## WORK REQUEST
Reproduce exactly only the lines from the line that holds "更戏剧的是时间线,从发布到删" to the line that holds "4月16日,大健康學院康復治", inclusive, in the listing below, and please leave out every picture.

## MATERIAL FOR THIS EXERCISE
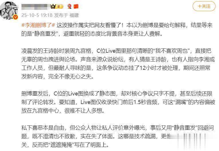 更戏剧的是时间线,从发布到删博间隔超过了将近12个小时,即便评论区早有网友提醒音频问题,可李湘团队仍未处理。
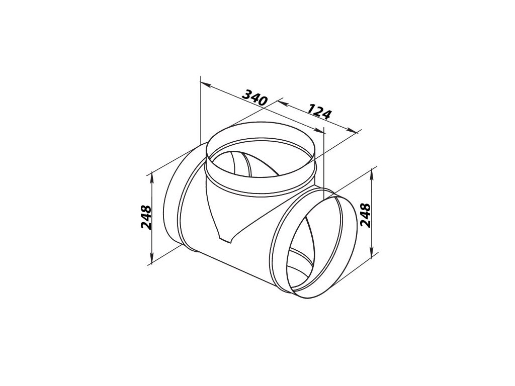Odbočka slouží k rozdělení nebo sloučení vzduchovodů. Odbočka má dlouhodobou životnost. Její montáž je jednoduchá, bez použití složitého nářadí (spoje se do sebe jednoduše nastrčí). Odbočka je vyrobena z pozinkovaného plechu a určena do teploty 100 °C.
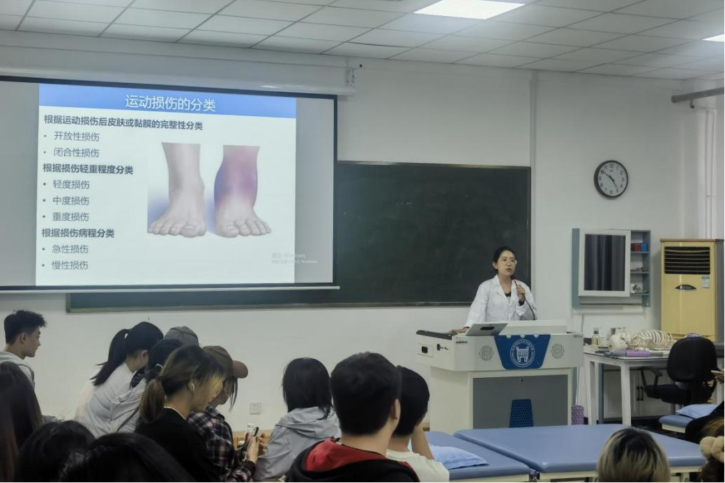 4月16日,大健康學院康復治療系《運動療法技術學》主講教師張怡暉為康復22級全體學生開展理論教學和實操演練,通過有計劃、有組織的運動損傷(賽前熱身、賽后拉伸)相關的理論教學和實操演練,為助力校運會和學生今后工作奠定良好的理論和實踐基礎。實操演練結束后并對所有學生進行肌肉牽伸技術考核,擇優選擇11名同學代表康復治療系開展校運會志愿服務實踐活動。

==

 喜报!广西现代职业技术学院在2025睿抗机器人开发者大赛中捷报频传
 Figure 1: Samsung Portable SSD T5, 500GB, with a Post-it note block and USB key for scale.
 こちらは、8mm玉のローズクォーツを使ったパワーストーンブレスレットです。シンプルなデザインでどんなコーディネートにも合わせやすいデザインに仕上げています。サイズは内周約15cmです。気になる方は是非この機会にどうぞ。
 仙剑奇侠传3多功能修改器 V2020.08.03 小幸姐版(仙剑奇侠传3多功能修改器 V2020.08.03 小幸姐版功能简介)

## TASK ANSWER
 更戏剧的是时间线,从发布到删博间隔超过了将近12个小时,即便评论区早有网友提醒音频问题,可李湘团队仍未处理。
Odbočka slouží k rozdělení nebo sloučení vzduchovodů. Odbočka má dlouhodobou životnost. Její montáž je jednoduchá, bez použití složitého nářadí (spoje se do sebe jednoduše nastrčí). Odbočka je vyrobena z pozinkovaného plechu a určena do teploty 100 °C.
 4月16日,大健康學院康復治療系《運動療法技術學》主講教師張怡暉為康復22級全體學生開展理論教學和實操演練,通過有計劃、有組織的運動損傷(賽前熱身、賽后拉伸)相關的理論教學和實操演練,為助力校運會和學生今后工作奠定良好的理論和實踐基礎。實操演練結束后并對所有學生進行肌肉牽伸技術考核,擇優選擇11名同學代表康復治療系開展校運會志愿服務實踐活動。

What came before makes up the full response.